Echoing Mize, The Arunachal Times journalist Tongam Rina—who wrote a series of reports on the black-necked cranes sited in Arunachal Pradesh—says that while the changes in wintering sites of the bird require further research, “it is mostly because of increasing human interference that the cranes are hesitant to land here. They seem to prefer the quiet high altitude wetlands in Bhutan to Arunachal.”
She adds that after years of the cranes not landing, the locals had approached the authorities figuring the foreseeable calamity. “When two birds reportedly died due to electrocution after coming into contact with high-voltage wires a couple of years ago, the locals raised with the forest department.
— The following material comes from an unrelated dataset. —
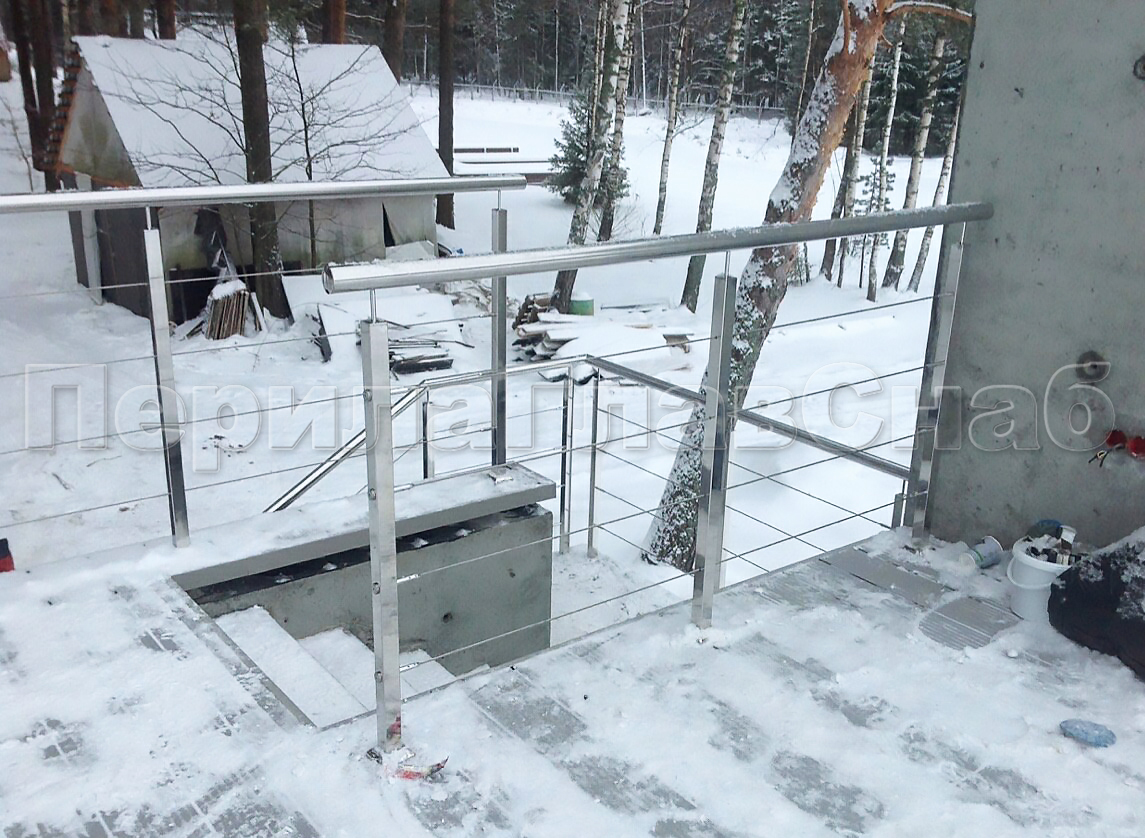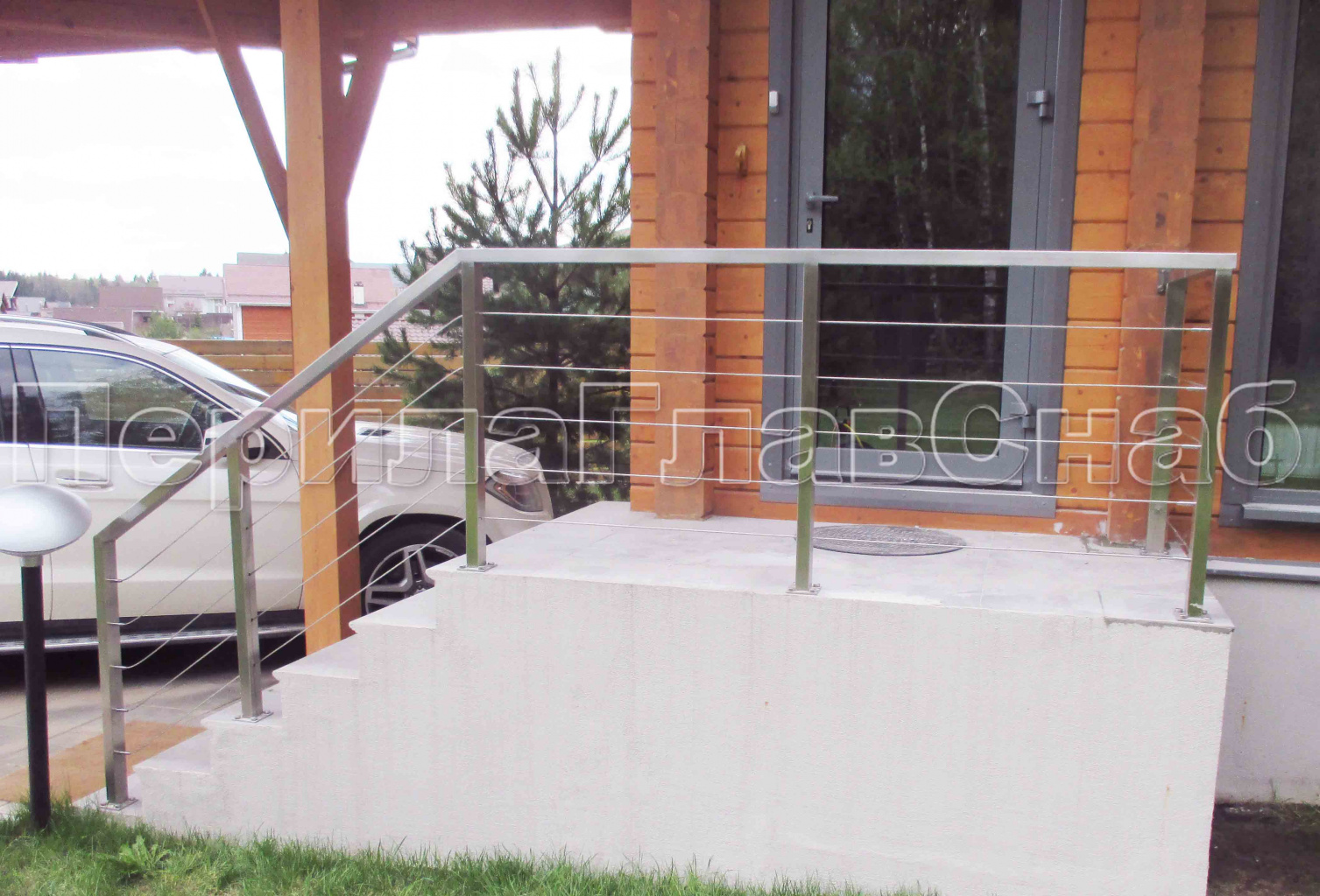 Ограждения из нержавейки. Заполнение из тросиков (нестандартная конфигурация) для крыльца
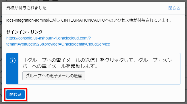 以上で、idcs-integration-admins グループに所属する IDCS ユーザーが、OIC インスタンスの管理と OIC インスタンスの利用ユーザーの管理の両方が、OCI コンソールから操作できるようになりました。

Similarly, during a recent landing season, the locals had stopped the sports department from carrying out paragliding activities near Sangti Valley,” Rina says.
Furthermore, she mentions that the National Green Tribunal had taken note of the Tawang monks raising their voices following which the Nyamjang Chu hydroelectric project (NJCHEP) did not take off. However, “The state needs to do more as sand mining still continues. The mining is done for local and commercial use. The wildlife agencies are trying but they have not been very successful. Community involvement is necessary too to stop mining at the landing stretch.”
Read more: Ladakh’s revered bird is under threat from human’s best friend – dog
Rising temperatures, human settlements and free ranging dogs
Sharma and multiple villagers in Sangti also identify the rise in temperature in the village over the past two decades as one of the key deterrents that may be pushing the cranes out of the valley.
A 2014 study by the Chinese Academy of Sciences published in Wetlands finds that degradation of high altitude wetland ecosystems due to climate change and anthropogenic activities in the Tibetan plateau is not only jeopardising the black-necked crane in the form of loss of indispensable habitats but also affecting its biological and migratory behaviour.
A migratory and reclusive species like the black-necked crane that thrives in critical landscapes are very sensitive to change and are less likely to adapt to sudden changes in the habitat, unlike the species that flourish in dynamic urban ecologies. Therefore, conservations say, preserving the high altitude wetlands is a key to the black-necked crane’s protection and survival.
Titash Choudhury, an anthropologist who studied the crane habitat sites in Tawang and was formerly with the WWF, explains: “Compare a crow in the city vs. the black-necked crane in high altitude wetlands. The crow will be highly adaptive to the ever-evolving city unlike the black-necked crane in reclusive high altitude wetlands. Any change in critical landscapes like high altitudes wetlands impacts the species population concerned—because it is very unlikely that the crane will be able to adapt to sudden changes like a crow in the city would.”